----- Exercise materials -----

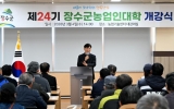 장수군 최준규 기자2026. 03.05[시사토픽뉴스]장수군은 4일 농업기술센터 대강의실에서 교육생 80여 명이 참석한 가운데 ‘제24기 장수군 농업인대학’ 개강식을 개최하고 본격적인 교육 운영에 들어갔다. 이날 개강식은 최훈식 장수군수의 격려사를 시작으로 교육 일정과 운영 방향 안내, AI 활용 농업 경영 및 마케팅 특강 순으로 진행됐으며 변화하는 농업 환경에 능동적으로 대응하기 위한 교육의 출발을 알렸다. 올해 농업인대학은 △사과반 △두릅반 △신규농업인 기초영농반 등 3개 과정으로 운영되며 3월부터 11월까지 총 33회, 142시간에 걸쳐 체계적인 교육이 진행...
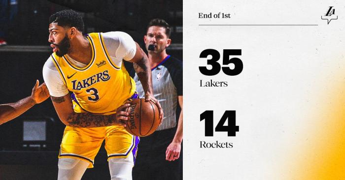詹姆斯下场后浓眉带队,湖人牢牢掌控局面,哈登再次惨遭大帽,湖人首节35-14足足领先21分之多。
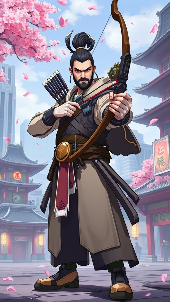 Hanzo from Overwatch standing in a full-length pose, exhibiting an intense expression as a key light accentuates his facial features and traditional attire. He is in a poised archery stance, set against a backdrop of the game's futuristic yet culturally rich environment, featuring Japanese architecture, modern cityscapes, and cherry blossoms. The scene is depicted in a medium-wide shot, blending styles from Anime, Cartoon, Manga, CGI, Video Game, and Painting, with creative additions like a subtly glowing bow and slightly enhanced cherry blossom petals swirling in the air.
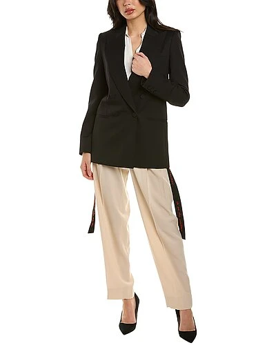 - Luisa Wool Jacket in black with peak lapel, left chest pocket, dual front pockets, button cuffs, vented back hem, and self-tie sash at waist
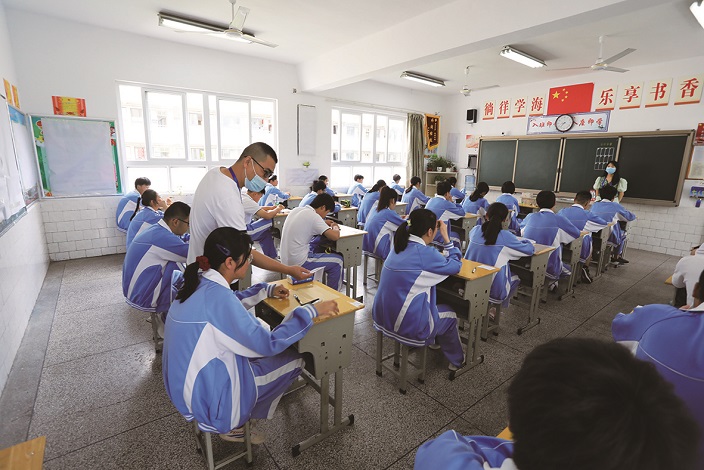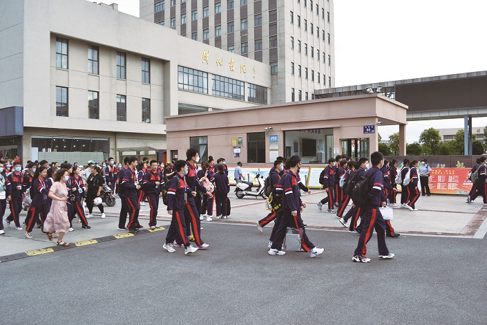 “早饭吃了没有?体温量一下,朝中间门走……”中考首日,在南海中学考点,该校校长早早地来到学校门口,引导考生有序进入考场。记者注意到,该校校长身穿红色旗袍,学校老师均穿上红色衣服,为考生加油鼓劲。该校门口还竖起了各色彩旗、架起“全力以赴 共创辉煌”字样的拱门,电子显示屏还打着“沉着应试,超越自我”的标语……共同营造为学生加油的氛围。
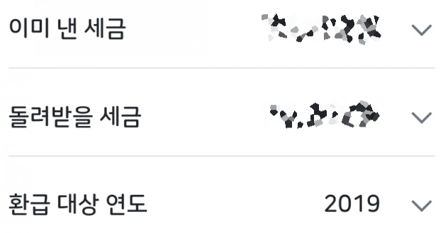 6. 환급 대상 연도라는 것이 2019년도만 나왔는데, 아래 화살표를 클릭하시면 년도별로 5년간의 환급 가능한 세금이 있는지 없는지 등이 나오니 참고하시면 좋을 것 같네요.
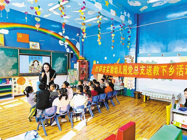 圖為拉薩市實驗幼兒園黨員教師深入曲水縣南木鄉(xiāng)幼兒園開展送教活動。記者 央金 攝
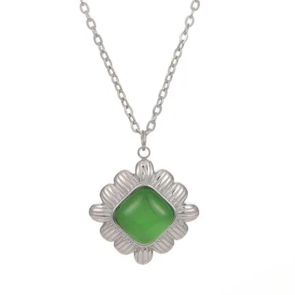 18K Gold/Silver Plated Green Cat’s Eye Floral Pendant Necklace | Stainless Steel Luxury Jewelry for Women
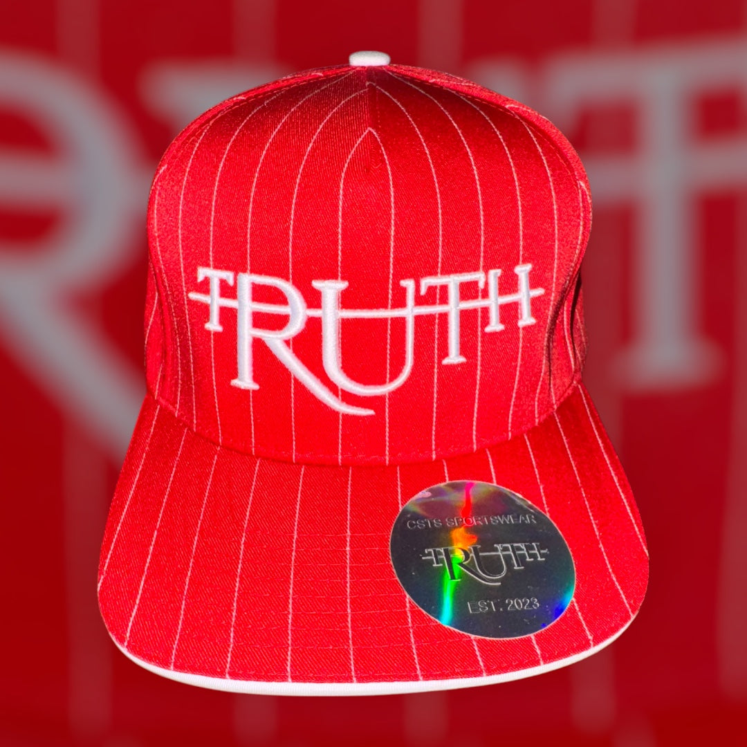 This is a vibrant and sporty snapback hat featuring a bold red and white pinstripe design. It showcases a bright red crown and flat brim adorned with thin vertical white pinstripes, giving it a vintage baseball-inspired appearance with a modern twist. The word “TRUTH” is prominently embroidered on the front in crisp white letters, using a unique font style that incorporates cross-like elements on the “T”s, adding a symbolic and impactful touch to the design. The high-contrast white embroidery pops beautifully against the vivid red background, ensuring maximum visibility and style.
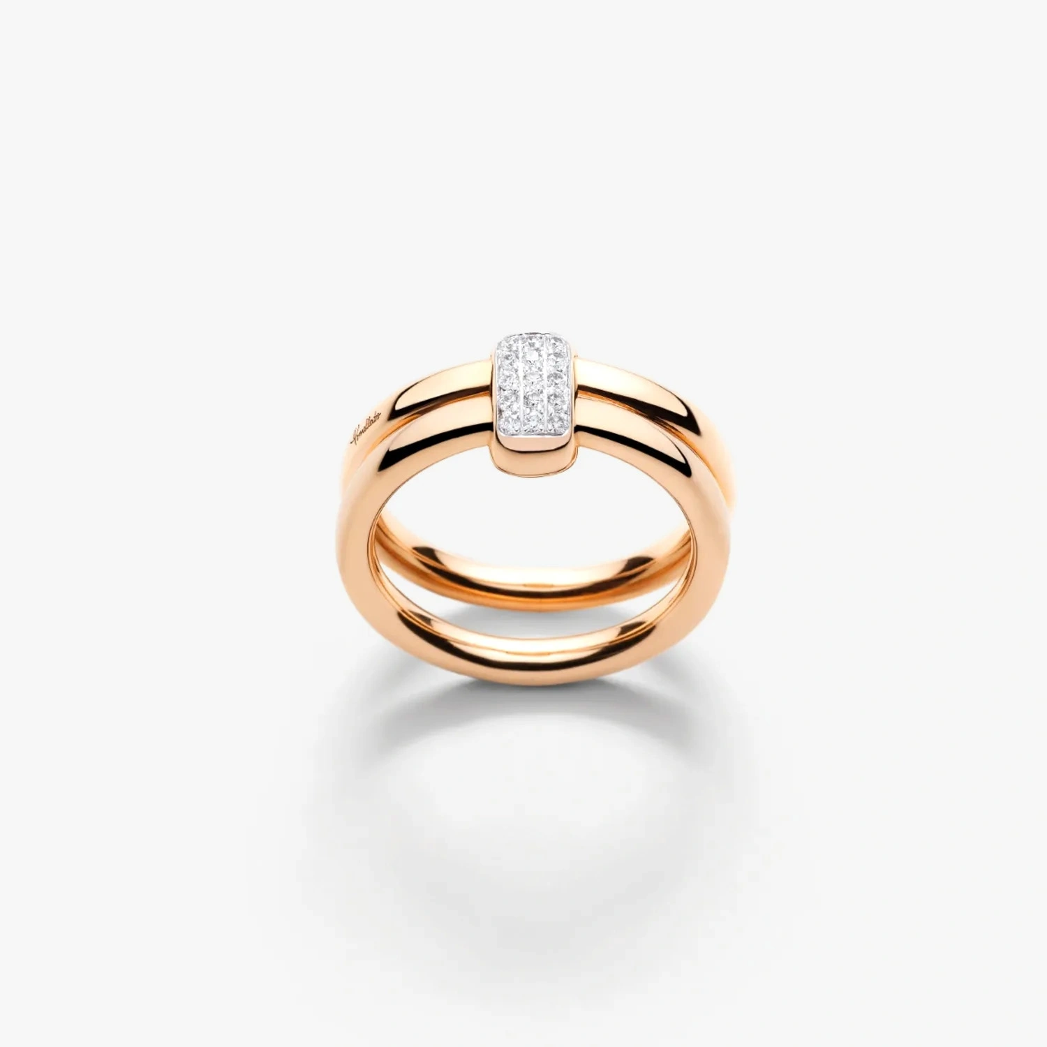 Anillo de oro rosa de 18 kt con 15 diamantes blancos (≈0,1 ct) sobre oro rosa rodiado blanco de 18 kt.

-----

Action item
Would you transcribe the lines above exactly, going from the line bearing "Hanzo from Overwatch" through the line bearing "- Luisa Wool", and drop the pictures from the copy?

Your response
 Hanzo from Overwatch standing in a full-length pose, exhibiting an intense expression as a key light accentuates his facial features and traditional attire. He is in a poised archery stance, set against a backdrop of the game's futuristic yet culturally rich environment, featuring Japanese architecture, modern cityscapes, and cherry blossoms. The scene is depicted in a medium-wide shot, blending styles from Anime, Cartoon, Manga, CGI, Video Game, and Painting, with creative additions like a subtly glowing bow and slightly enhanced cherry blossom petals swirling in the air.
 - Luisa Wool Jacket in black with peak lapel, left chest pocket, dual front pockets, button cuffs, vented back hem, and self-tie sash at waist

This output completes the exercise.